STS-124 patch.svg Sts124crew.jpg
From left to right: Chamitoff, Fossum, Ham, Kelly, Nyberg, Garan and Hoshide


Space Shuttle program
← STS-123 STS-126

STS-124 was a Space Shuttle mission, flown by Space Shuttle Discovery to the International Space Station. Discovery launched on 31 May 2008 at 17:02 EDT, moved from an earlier scheduled launch date of 25 May 2008,[3] and landed safely at the Kennedy Space Center's Shuttle Landing Facility, at 11:15 EDT on 14 June 2008. The mission is also referred to as ISS-1J by the ISS program.

Crew[edit]

Position[4] Launching Astronaut Landing Astronaut
Commander Mark E. Kelly
Third spaceflight
Pilot Kenneth T. Ham
First spaceflight
Mission Specialist 1 Karen L. Nyberg
First spaceflight
Mission Specialist 2 Ronald J. Garan, Jr.
First spaceflight
Mission Specialist 3 Michael E. Fossum
Second spaceflight
Mission Specialist 4 Akihiko Hoshide, JAXA
First spaceflight
Mission Specialist 5 Gregory E. Chamitoff
Expedition 17
First spaceflight
ISS Flight Engineer
Garret E. Reisman
Expedition 17
First spaceflight
ISS Flight Engineer

Crew notes[edit]

  • Stephen G. Bowen was originally assigned to STS-124 but was moved to STS-126 to allow this mission to rotate an ISS crew member.[5] Bowen was scheduled to perform the EVAs on the flight along with Fossum. Garan took his place for the EVAs.

Commander Kelly discusses the crew[edit]

A crane lowers Discovery toward the external tank and SRBs in high bay 3 of the Vehicle Assembly Building for STS-124.

"I’m really fortunate to be given the crew members that I have on this mission. It’s myself and six others. We do swap one of our crew members with the expedition crew member on board. So Greg goes up, Greg stays on station and Garrett comes home.

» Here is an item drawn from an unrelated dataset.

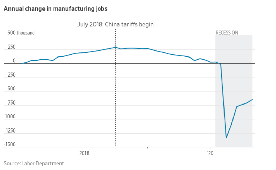 Why? It’s simple: The tariffs helped some manufacturers by hurting others via raised prices, and (predictably) triggered retaliatory tariffs from China that together outweighed any benefits.The problem with tariffs generally speaking is that they kill more jobs than they create.

But the crew that was assigned to me—I’m really fortunate to have some really talented people. Ken Ham, as a pilot, knows the orbiter better than anybody I’ve seen. This is his first flight. My lead EVA crew member is Mike Fossum who did three spacewalks on my previous flight, STS-121. We’ve flown together before. I have all the confidence in the world in his ability to execute these EVAs. Karen Nyberg, my MS1, sits on the flight deck for ascent and entry. She’s also the lead for all the robotic arm operations. She’ll be flying three robotic arms in space, incredibly motivated, well ahead of the game and I expect great things from her. Ron Garan is my flight engineer, a colonel in the Air Force. This is going to be his first time in space as well as is Karen’s and Ken’s and he’s doing three spacewalks. So he's got a lot on his plate. He’s been doing great during training and he’s going to have the opportunity to prove himself during these three spacewalks. I kind of wish it was me getting to go outside. I can’t do that, but we expect great things from Ron as well. And then I have Aki Hoshide, our Japanese crew member, who grew up in New Jersey kind of like me. That’s an interesting thing about our flight—we have four people from New Jersey on the mission. I look at Aki as the payload commander. He is responsible for that Japanese laboratory and he has taken on that responsibility as completely as I could have hoped for. All through our training he’s been very much focused on the Japanese lab, making sure it’s ready to go, making sure we’re completely trained on the systems and everything we have to do. I’ve given him a lot of responsibility and he’s completely taken it on."[6]

Mission payloads[edit]

JEM PM Kibō on ISS after STS-124
JEM Kibō Pressurized Module in assembly

STS-124 delivered the Pressurized Module (PM) of the Japanese Experiment Module (JEM), called Kibō, to the International Space Station (ISS). Kibō was berthed to the Harmony module and the pressurized section of the JEM Experiment Logistics Module, brought up by the STS-123 crew, was moved from Harmony to the JEM-PM. The Japanese Remote Manipulator System, a robotic arm, was also delivered by STS-124 and attached to Kibō. The entire Kibō laboratory is being brought up over three missions.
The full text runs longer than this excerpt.